In our fast-paced society, we are always looking for the next new thing. Last year’s must-have item is today’s old news. The pet industry has not escaped this desire for new and unusual. Over the last few years, the demand for exotic pets has exploded. We now see all types of animals, from degus to pythons to chimpanzees, living in our homes. But this fad deals with living creatures and not disposable items.
As with owning any animal, there are responsibilities. You must provide food and water, shelter, veterinary care, and enrichment. This is much easier to do with animals such as dogs and cats. They have been kept in captivity for generations and much is known about required care. Any veterinarian is able to provide treatment and commercially prepared food can be purchased in stores. Exotic animals are relatively new, and as such, pose many unique concerns.
Diet: Commercially prepared food is not readily available. Some species require daily preparation of fresh foods. While more is being learned every year, there is still much guesswork involved in satisfying their nutritional requirements.
Veterinary Care: Not all veterinarians will treat exotic animals. Again, this is a fairly new field and not all offices are prepared with equipment and knowledge of every species. While most exotics do not require vaccinations, they should receive an annual exam. It is important to find a veterinarian who is experienced with your particular animal because many species will mask signs of illness until it’s life-threatening. Symptoms are often not as obvious and easy to diagnose as in other animals.
Laws: Exotic animals are not legal to own in all areas. Some species require a special permit and others are simply prohibited. This is for the protection of the local environment as well as humans and other animals. Keeping animals illegally can result in fines and jail time for the owner and seizure and possible euthanasia for the animal.
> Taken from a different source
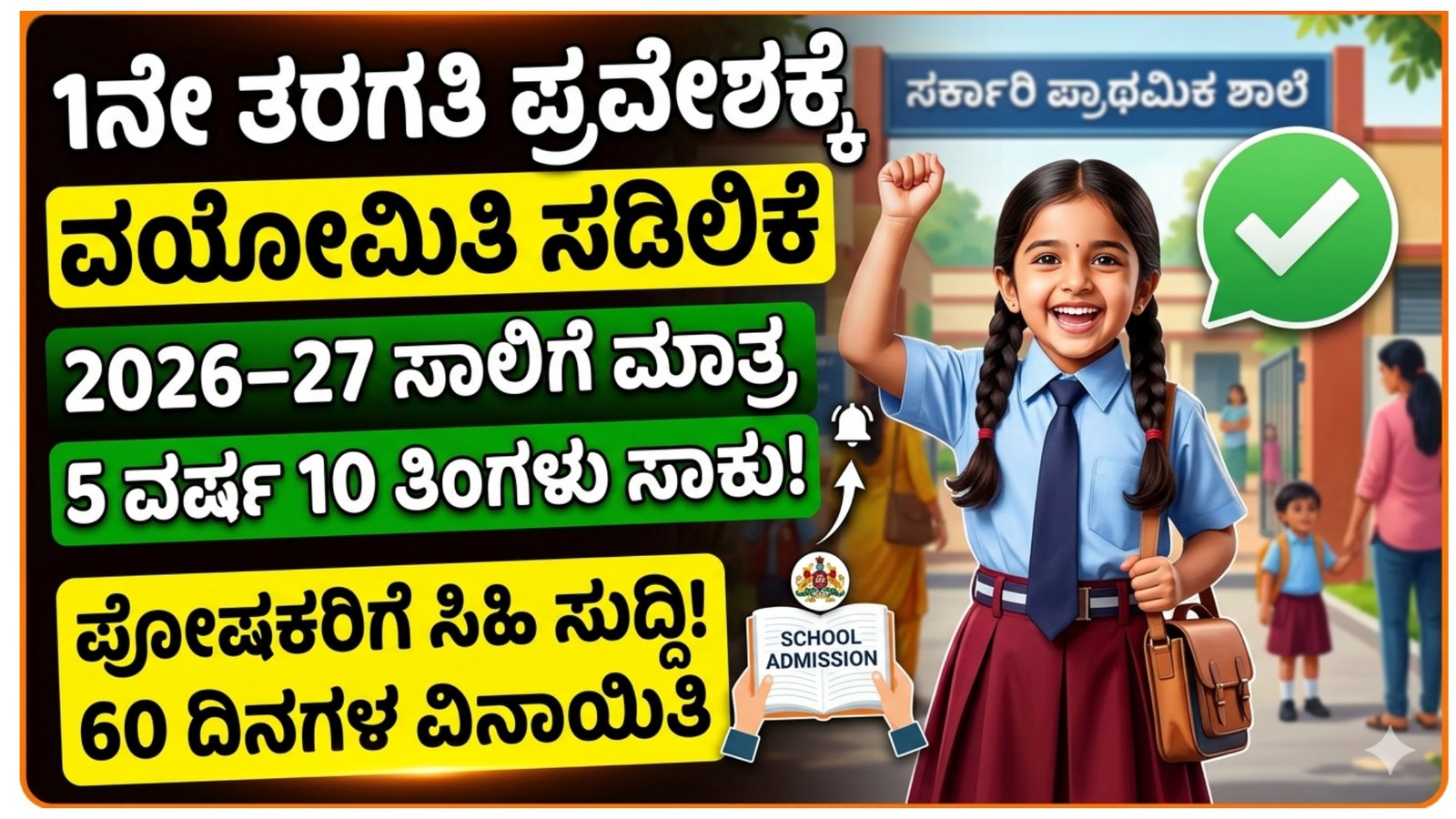2026–27ನೇ ಶೈಕ್ಷಣಿಕ ಸಾಲಿಗೆ ಮಾತ್ರ ಅನ್ವಯವಾಗುವಂತೆ ಮಕ್ಕಳ 1ನೇ ತರಗತಿ ಪ್ರವೇಶ ವಯೋಮಿತಿಯಲ್ಲಿ 60 ದಿನಗಳ ಸಡಿಲಿಕೆ ನೀಡಲಾಗಿದೆ. ಈ ನಿರ್ಧಾರವು ಲಕ್ಷಾಂತರ ಕುಟುಂಬಗಳಿಗೆ ದೊಡ್ಡ ಸಹಾಯವಾಗಿದೆ.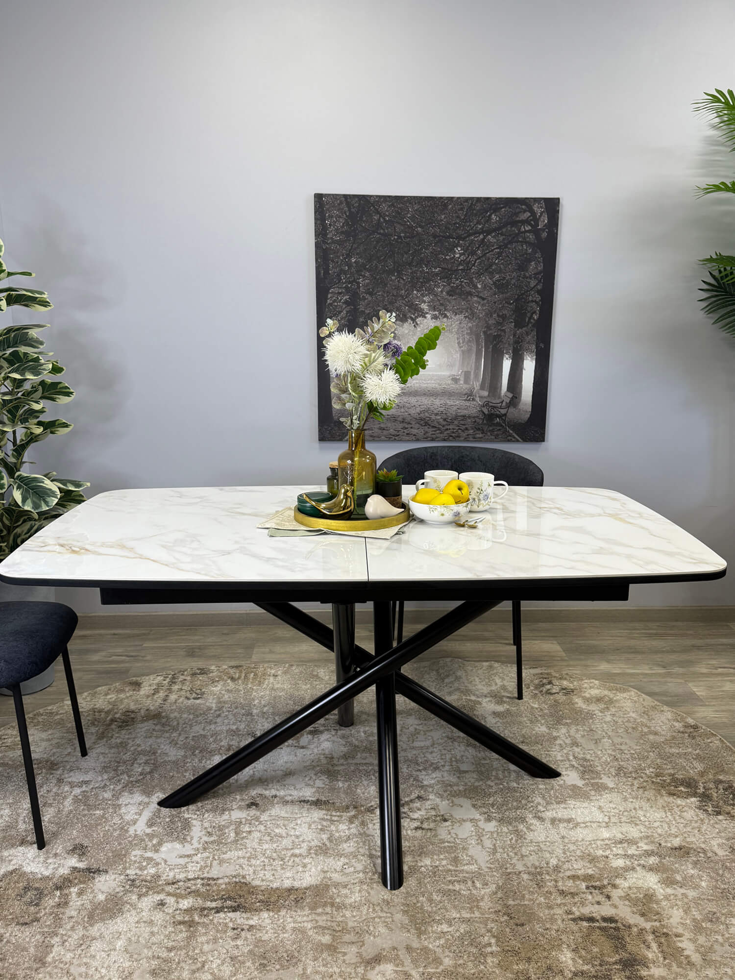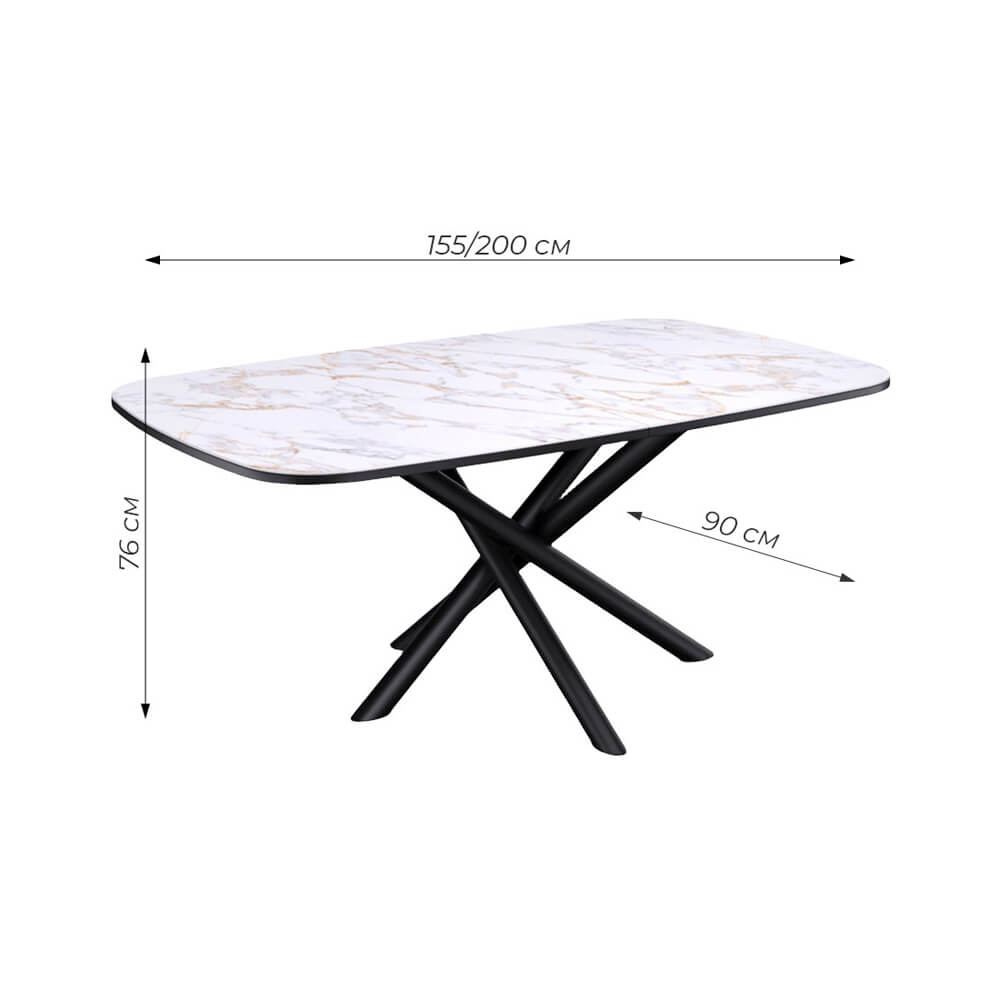 Стол обеденный Kenner DF1550 Черный / Мрамор белый глянец

Danger: Exotic animals are not domesticated. Even dogs and cats, which have been kept in captivity for generations, can revert to their wild instincts. Whether it’s through venom or sheer strength and size, exotics are much more likely to cause injury to their human owners. There have been documented cases of owners being killed by their venomous snakes and maimed by their chimpanzees. Visitors to the home are at a greater risk of illness or injury because they are often not aware of safe handling techniques. Their actions can cause an instinctual reaction in the animal, and a pet that has caused injury to a human is often labeled dangerous and removed from its home or even euthanized. Owners must also consider what they would do if their animal escaped. Some jurisdictions require owners of certain species, especially large cats, to submit a written protocol that will be followed in the event of an escape.
The Future: No one knows what’s in their future. When owning pets, it becomes our responsibility to plan for their long-term care. If it became necessary to rehome your pet, there are many options for dogs, cats, and some small animals. What about rehoming a chimpanzee or an iguana? That’s not so easy. There are a few organizations that will take exotics, but they are not common. Over the last few years, there has been an increase in the release of exotic species into the wild. This has caused devastating effects to the native environments. Pet owners must assume responsibility for their pets and exotic animal owners are no exception.
Remember, sugar gliders, pythons, iguanas, and chinchillas may fascinate you today but they will be your responsibility for years to come. Before bringing any animal into your home, research its needs carefully and decide if you are willing to commit to providing them for the pet’s lifetime.